James Hartung's 14-year career with the Toledo-Lucas County Port Authority ended last week as board members unanimously agreed to fire the agency president "with cause," but he still hasn't been told why.
Mr. Hartung's attorney yesterday said he was frustrated with the pace information was being provided to him this week.
"I wanted to go over and talk to the attorney about the evidence they used to fire my guy, and they said they are 'putting it together,'•" attorney Kevin Greenfield said. "They said they are getting together the information that went behind [the firing] and they need a little more time to do that, so is this stuff that's being put together to support the decision after the fact?"
The 13-member Toledo-Lucas County Port Authority board of directors fired Mr.

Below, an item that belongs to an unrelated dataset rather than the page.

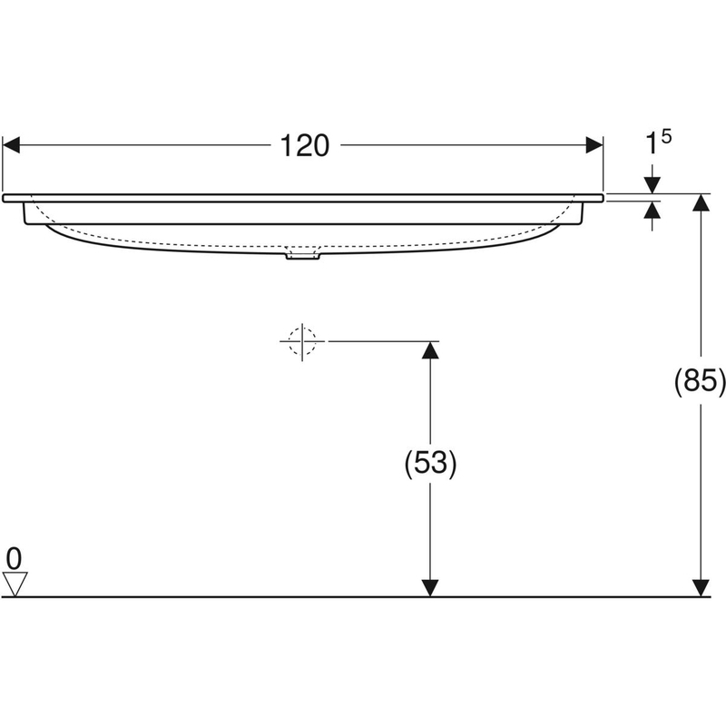 Geberit iCon -tasoallas: B = 120 cm, T = 48 cm, hanareikä = ei ole, ylivuoto = ei ole, valkoinen/ KeraTect.

Hartung Friday following an investigation of his hiring of a lobbyist with whom he was accused of having an affair.
James R. Jeffery, the port attorney from Spengler Nathanson PLL, a Toledo law firm, did not return calls seeking comment.
Last week, William Carroll, the port board's chairman, said he would not reveal the reasons behind the firing, citing "attorney-client privilege."
He previously promised transparency and that any investigation report would be made public after the inquiry's conclusion. The Blade last week filed a public-records request with the port authority for access to the report prepared for the port directors by Spengler Nathanson but was denied a copy.
Mr. Greenfield said he wanted on either Monday or yesterday to discuss the return of Mr. Hartung's personal property and more importantly, schedule a hearing to appeal the termination. Mr. Hartung's contract entitles him to a hearing and, if he desires, arbitration if severance is to be denied.
"I am just as much in the dark as anyone," Mr. Greenfield said.
The board's specification that Mr. Hartung is being terminated "with cause" is significant because it appears to be a denial of severance compensation to which Mr. Hartung would have been entitled, including about $100,000 to be paid in nine monthly installments and continuing health insurance for that time.
His contract says he may be terminated at will, but requires 60 days' notice "with or without cause." Mr. Hartung will be paid for that time, and receive health coverage.
Mr. Hartung's current salary of $178,165 breaks out to about $14,847 per month, or slightly more than $29,000 for 60 days.
The port authority began an investigation several weeks ago after Toledo Mayor Carty Finkbeiner said in a letter that the port president was having an affair with Kathy Teigland, a West Toledo lobbyist who had worked on behalf of the Northwest Ohio Legislative Consortium.
Mayor Finkbeiner has not seen the Spengler Nathanson investigation report, said his spokesman, Elizabeth Phillips.
The mayor refused this week to answer questions regarding Mr. Hartung.
Mr. Finkbeiner has previously criticized the port's use of Spengler Nathanson and questioned if it could conduct an impartial inquiry of port staff conduct.
The city is continuing with its own investigation of the port. A request by the Finkbeiner administration for public records from the port authority covered documents pertaining not only to Mr. Hartung's conduct, but to the Jan. 18 resignation of James Mettler, the port authority's vice president for new project development who received a $40,000 buyout and six months of health insurance when he left.
Yesterday, Mr. Carroll said the port board details of a search committee for Mr. Hartung's successor will be made public next week.
Paul Toth, Jr., the port authority's vice president of technical and financing services and the former director of airports, was named interim president while a national search for a permanent replacement is conducted.